From: Haochen Jiang <haochen.jiang@intel.com>
To: binutils@sourceware.org
Cc: jbeulich@suse.com, hjl.tools@gmail.com
Subject: [PATCH] x86: Eliminate unnecessary {evex} prefixes (was: x86: Add %ME for instructions do not need {evex} prefix with memory)
Date: Tue, 3 Dec 2024 17:17:33 +0800 [thread overview]
Message-ID: <20241203091733.1978559-1-haochen.jiang@intel.com> (raw)
From: "H.J. Lu" <hjl.tools@gmail.com>
Hi all,
I renamed the patch from previous patch name
"x86: Add %ME for instructions do not need {evex} prefix with memory".
Changes and patch descrption are embedded below.
Tested on x86_64-pc-linux-gnu. Ok for trunk?
Thx,
Haochen
---
Changes in v3:
- Further split table for vpsra{d,q} to fully eliminate {evex} prefix
for vpsraq. Also add testcases for vpsraq.
---
For several instructions including vps{l,r}l{d,q,w,dq} and vpsra{d,w},
their VEX part do not have the following version:
vpsrlw $0x1f,(%r15,%rcx,4),%xmm0
Thus, {evex} prefix should not be inserted when their second operand is
memory, while we still need them for register as second operand. Add a
new macro %ME to solve this problem.
For vpsraq, there is no VEX version, so the {evex} prefix should always
be eliminated.
gas/ChangeLog:
PR binutils/32403
* testsuite/gas/i386/i386.exp: Run new test.
* testsuite/gas/i386/x86-64.exp: Ditto.
* testsuite/gas/i386/evex-only.d: New test.
* testsuite/gas/i386/evex-only.s: Ditto.
* testsuite/gas/i386/x86-64-evex-only.d: Ditto.
* testsuite/gas/i386/x86-64-evex-only.s: Ditto.
opcodes/ChangeLog:
PR binutils/32403
* i386-dis-evex-reg.h: Use %ME instead of %XE for vps{l,r}l{w,dq}
and vpsraw. Split table for vpsra{d,q}.
* i386-dis-evex-w.h: Use %ME instead of %XE for vps{l,r}l{d,q}
and vpsrad. Eliminate vpsraq {evex} prefix.
* i386-dis-evex.h: Split table for vpsra{d,q}.
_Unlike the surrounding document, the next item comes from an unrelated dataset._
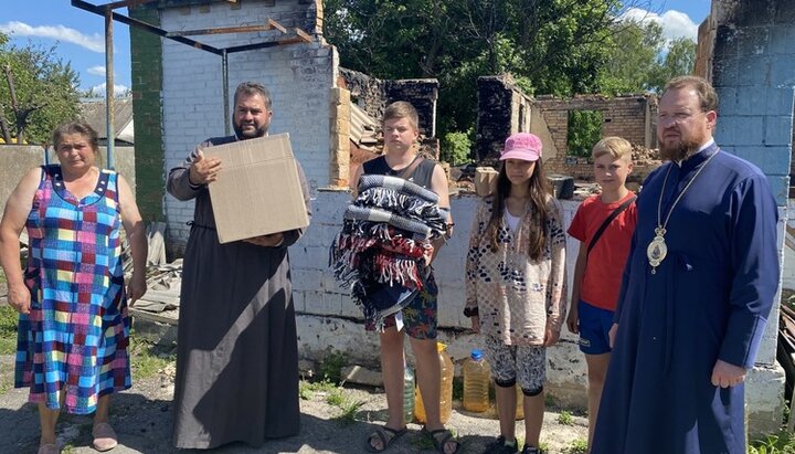 Клирики УПЦ привезли продукты и теплые вещи в пострадавшие от войны села Киевской области. Фото: Telegram-канал Церковь помогает
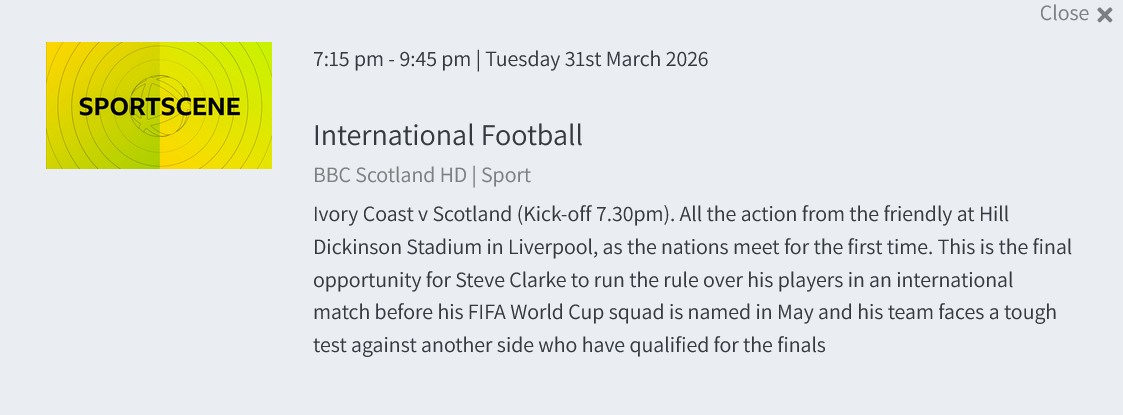 Both woeful matches mate, England and Scotlands.Can't understand the booing at Scotlands though..Scotland missed some pearling chances and so did England. The refeeing at Englands match with his two yellows and no red and var taking an age. I watched Scottish match on iplayer.

* i386-dis.c: (EVEX_W_0F72_R_4): New.
(EVEX_W_0FE2): Ditto.
(struct dis386): Add comment for %ME.
(putop): Handle %ME.
Co-authored-by: Haochen Jiang <haochen.jiang@intel.com>
Signed-off-by: H.J. Lu <hjl.tools@gmail.com>
---
gas/testsuite/gas/i386/evex-only.d | 24 +++++++++++++++++++++++
gas/testsuite/gas/i386/evex-only.s | 18 +++++++++++++++++
gas/testsuite/gas/i386/i386.exp | 1 +
gas/testsuite/gas/i386/x86-64-evex-only.d | 24 +++++++++++++++++++++++
gas/testsuite/gas/i386/x86-64-evex-only.s | 18 +++++++++++++++++
gas/testsuite/gas/i386/x86-64.exp | 1 +
opcodes/i386-dis-evex-reg.h | 12 ++++++------
opcodes/i386-dis-evex-w.h | 18 +++++++++++++----
opcodes/i386-dis-evex.h | 2 +-
opcodes/i386-dis.c | 8 ++++++++
10 files changed, 115 insertions(+), 11 deletions(-)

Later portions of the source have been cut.